> _Dataset records_
· · · · · · ·

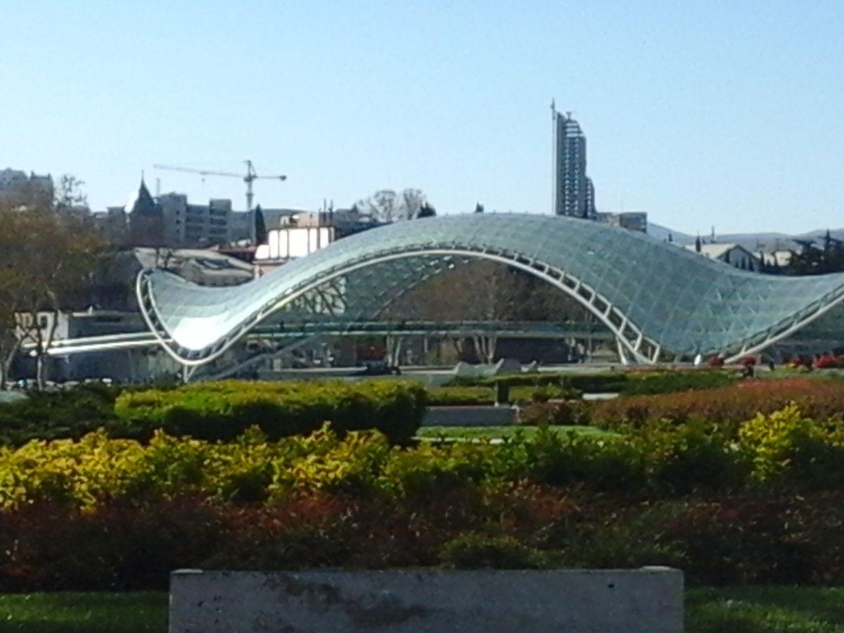 Și în mod neașteptat, o clădire ultramodernă - un pod de cristal - a fost ridicată recent în centrul acestui arhaic. De la sine, arată superb, mai ales seara, când pe întuneric arcadele sale sunt turnate de lumini LED. Dar în partea istorică! În opinia mea, pur și simplu încalcă armonia arhitecturii vechi din Georgia și nu se încadrează absolut în imaginea orașului. Așa cred mulți localnici care sunt mândri de cultura lor străveche. Podul este neuniform, ondulat simetric, curbat de un arc cu aripi la margini. Apropo, oamenii care erau bine orientați la cuvânt l-au numit imediat „Olweis”.
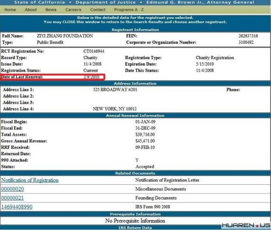 五:章子怡解釋說,基金會是在戛納籌款前兩天在美國加州注冊的,并沒有網友指控的“先籌款,后注冊”。網友發現的紐約地址僅是一個郵寄地址,是為聯絡方便補加的。基金會從未失效或過期,每一筆款項均直接進入基金會在美國銀行開戶的活期帳號,從未取過一分錢,連注冊費等開支均由她個人支付。
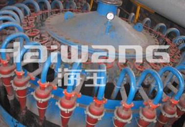 開始試車前要確保旋流器機組所有連接點都已緊固,清除管道、機組箱體中的各種殘留物,以免開車后有泄露及堵塞發生。確保把投入運行的旋流器閥門完全打開。閥門可以完全開啟(如運行旋流器)或完全關閉(如備用旋流器),但絕不允許處于半開啟狀態(即絕不允許用閥門控制流量)。如有可能,請先用清水試車。旋流器的進料可由泵入或高位槽方式提供。如果泵與旋流器吞吐量匹配,則壓力表顯示恒定讀數。要確保壓力表讀數不波動,如有明顯波動則需檢查原因。設備要求在不高于0.3MPa壓力下工作。設備在正常壓力下平穩運行時,要檢查連接點漏損量,必要時采取補救措施。檢查進入旋流器的殘渣引起的堵塞。旋流器進料口堵塞會使溢流和沉砂流量減少,旋流器沉砂口堵塞會使沉砂流量減小甚至斷流,有時還會發生劇烈震動。如發生堵塞,應及時關閉旋流器給料閥門,清除堵塞物。為防止堵塞,在水力旋流器組進料池可加防止粗料和雜物的設施(如除屑篩),同時在停車時應及時將進料池排空,以免再次開車時由于沉淀、濃度過高而引起堵塞事故。設備經清水試驗證實運行良好時,可輸入料漿運行。
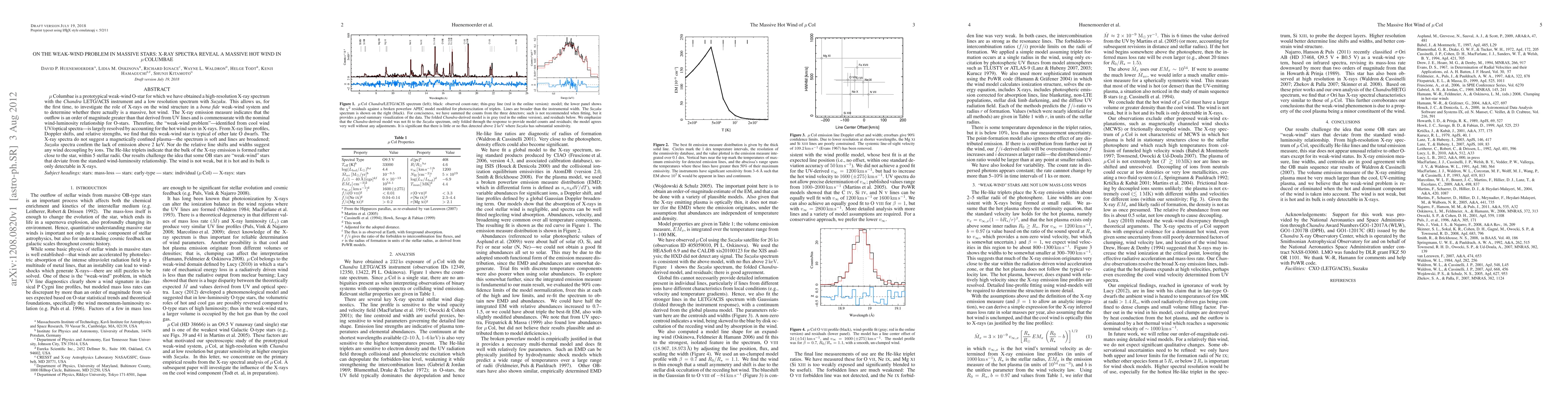 \mu\ Columbae is a prototypical weak-wind O-star for which we have obtained a high-resolution X-ray spectrum with the Chandra LETG/ACIS-S instrument and a low resolution spectrum with Suzaku. This allows us, for the first time, to investigate the role of X-rays on the wind structure in a bona fide weak-wind system and to determine whether there actually is a massive, hot wind. The X-ray emission measure indicates that the outflow is an order of magnitude greater than that derived from UV lines and is commensurate with the nominal wind-luminosity relationship for O-stars. Therefore, the ``weak-wind problem''---identified from cool wind UV/optical spectra---is largely resolved by accounting for the hot wind seen in X-rays. From X-ray line profiles, Doppler shifts, and relative strengths, we find that this weak-wind star is typical of other late O dwarfs. The X-ray spectra do not suggest a magnetically confined plasma---the spectrum is soft and lines are broadened; Suzaku spectra confirm the lack of emission above 2 keV. Nor do the relative line shifts and widths suggest any wind decoupling by ions. The He-like triplets indicate that the bulk of the X-ray emission is formed rather close to the star, within 5 stellar radii. Our results challenge the idea that some OB stars are ``weak-wind'' stars that deviate from the standard wind-luminosity relationship. The wind is not weak, but it is hot and its bulk is only detectable in X-rays.
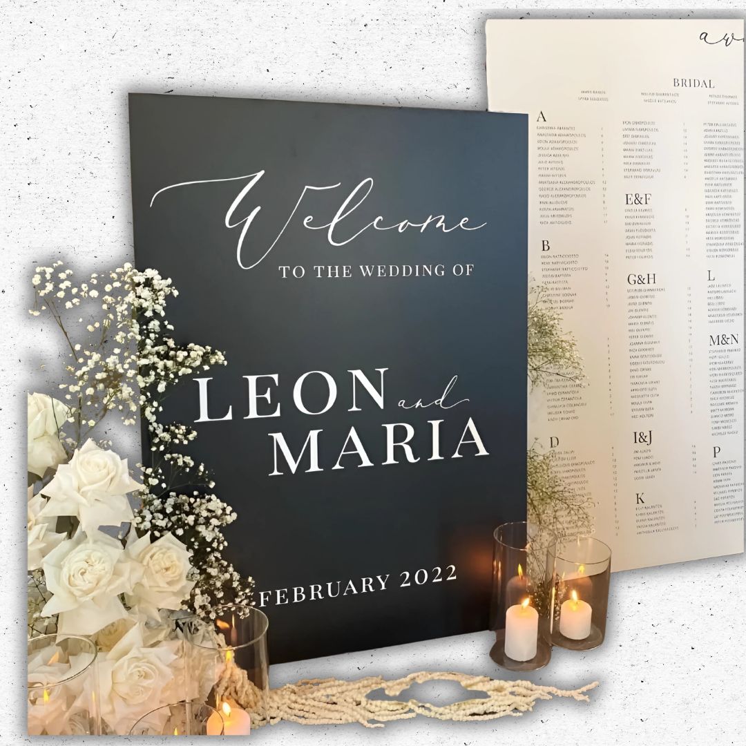 Elegant welcome signs, seating charts, and acrylic displays for your big day. Premium local printing for weddings in Oxnard and Ventura with fast, in-house turnaround.
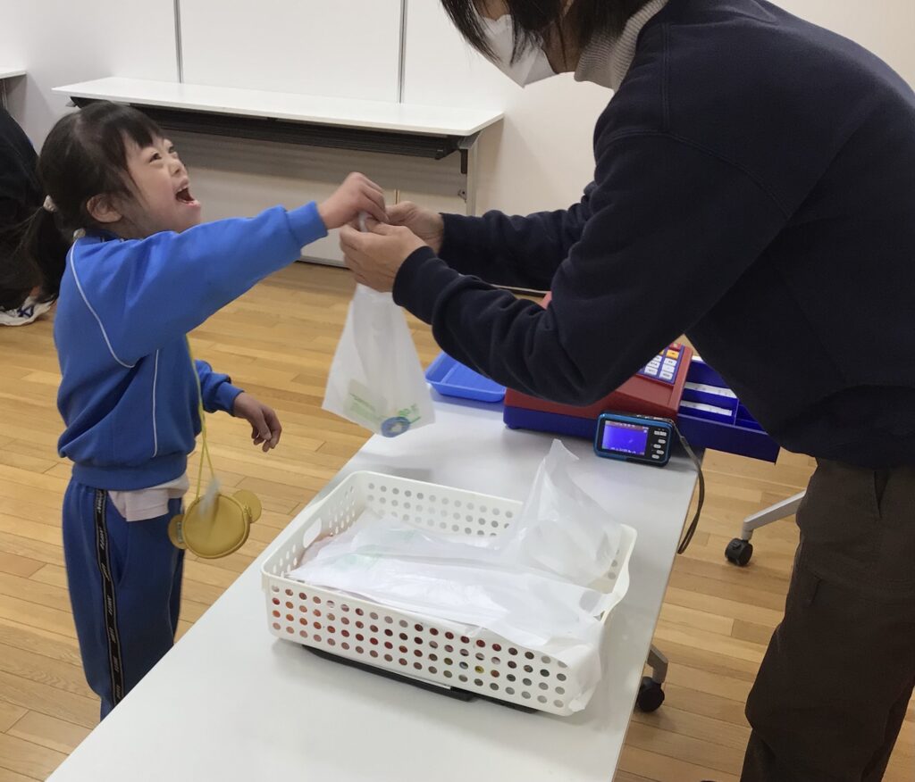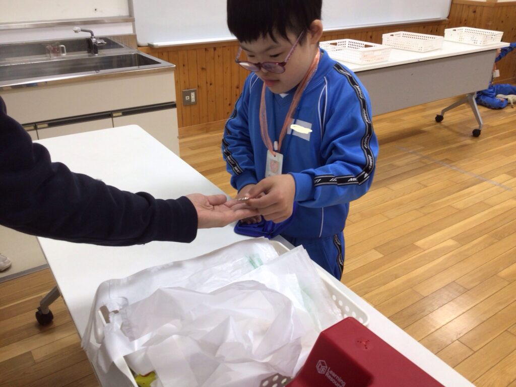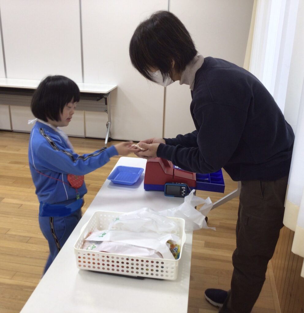 模擬銭を払って、レシートを受け取り、買ったものを大切に教室まで持ち帰り、みんなで食べました。自分で買ったお菓子はいつも以上においしかったと思います。
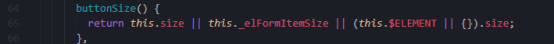 首先,从主文件button.vue上可以知道组件的尺寸由buttonSize决定
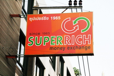 Super Rich 1965: e’ di sicuro il piu’ famoso dei cambi alternativi avendo piu’ sportelli in citta’ di cui un paio direttamente dentro le stazioni del BTS. Offre un cambio migliore di qualsiasi altra banca. Potete controllare il tasso del giorno e le location visitando il loro sito http://www.superrich1965.com
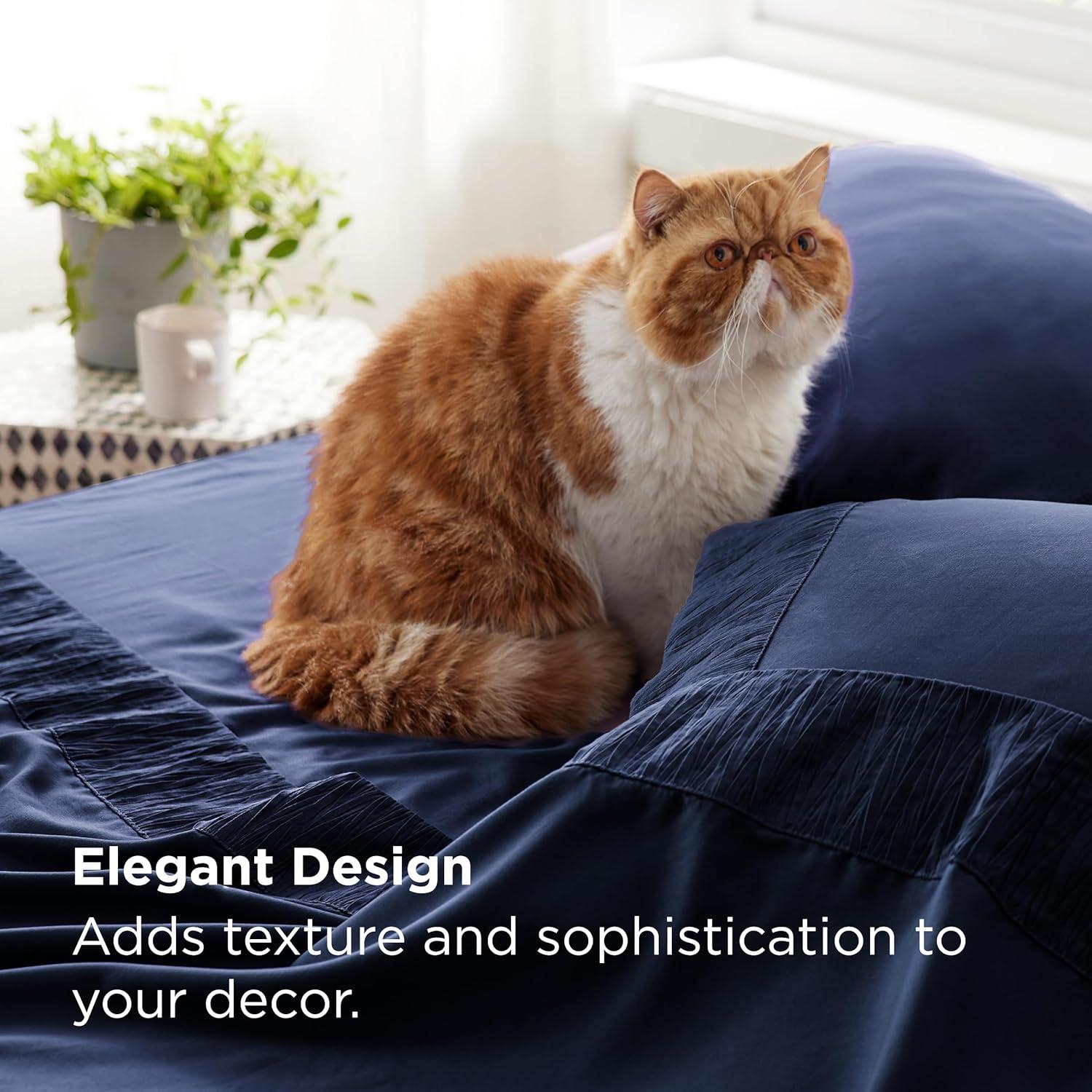 ELEGANT DESIGN: The distinctive ruched hem on pillowcases and flat sheet creates a stunning border that transforms any bedroom into a stylish sleep paradise. Our unique dyeing technique maintains vibrant color even after a year, looking as good as day one
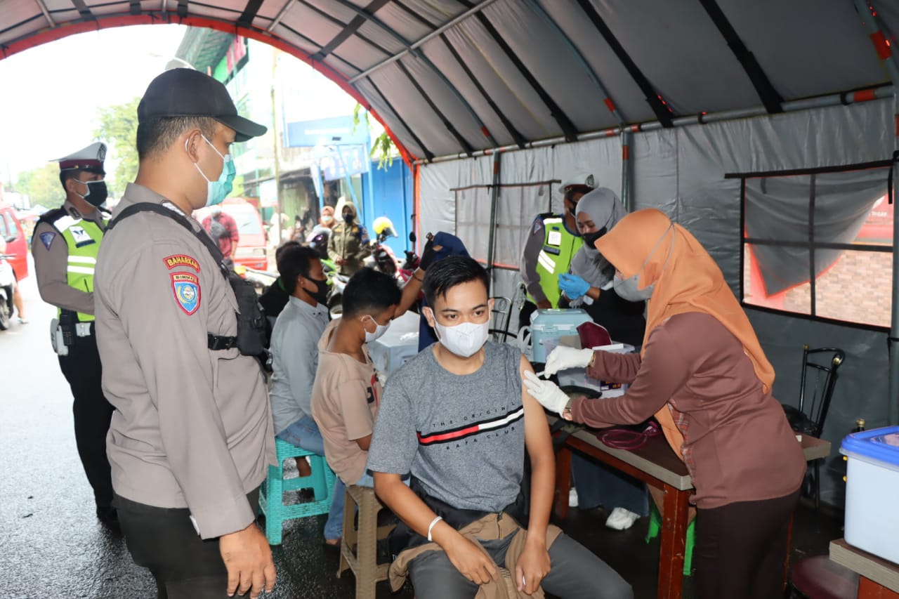 “Ya hari ini Polres Lebak melaksanakan Vaksinasi dengan sasaran para pedagang dan pengunjung pasar Rangkasbitung dan sekitarnya,” Ujar Jajang.
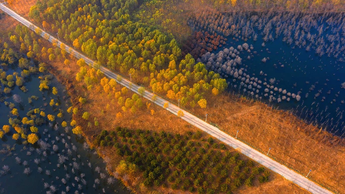 Flowing through Hebei province, Beijing, and Tianjin, the #ChaobaiRiver covers a total length of 467 kilometers. In late autumn, the river is surrounded by colorful trees, showcasing a pretty scenery.

· · · · · · ·

> _Work instruction_
In the entries above, find the line that contains "五:章子怡解釋說,基金會是在" and the line that contains "開始試車前要確保旋流器機組所". Reproduce exactly those two lines and every line between them, but not the pictures.

> _Solution for this problem_
 五:章子怡解釋說,基金會是在戛納籌款前兩天在美國加州注冊的,并沒有網友指控的“先籌款,后注冊”。網友發現的紐約地址僅是一個郵寄地址,是為聯絡方便補加的。基金會從未失效或過期,每一筆款項均直接進入基金會在美國銀行開戶的活期帳號,從未取過一分錢,連注冊費等開支均由她個人支付。
 開始試車前要確保旋流器機組所有連接點都已緊固,清除管道、機組箱體中的各種殘留物,以免開車后有泄露及堵塞發生。確保把投入運行的旋流器閥門完全打開。閥門可以完全開啟(如運行旋流器)或完全關閉(如備用旋流器),但絕不允許處于半開啟狀態(即絕不允許用閥門控制流量)。如有可能,請先用清水試車。旋流器的進料可由泵入或高位槽方式提供。如果泵與旋流器吞吐量匹配,則壓力表顯示恒定讀數。要確保壓力表讀數不波動,如有明顯波動則需檢查原因。設備要求在不高于0.3MPa壓力下工作。設備在正常壓力下平穩運行時,要檢查連接點漏損量,必要時采取補救措施。檢查進入旋流器的殘渣引起的堵塞。旋流器進料口堵塞會使溢流和沉砂流量減少,旋流器沉砂口堵塞會使沉砂流量減小甚至斷流,有時還會發生劇烈震動。如發生堵塞,應及時關閉旋流器給料閥門,清除堵塞物。為防止堵塞,在水力旋流器組進料池可加防止粗料和雜物的設施(如除屑篩),同時在停車時應及時將進料池排空,以免再次開車時由于沉淀、濃度過高而引起堵塞事故。設備經清水試驗證實運行良好時,可輸入料漿運行。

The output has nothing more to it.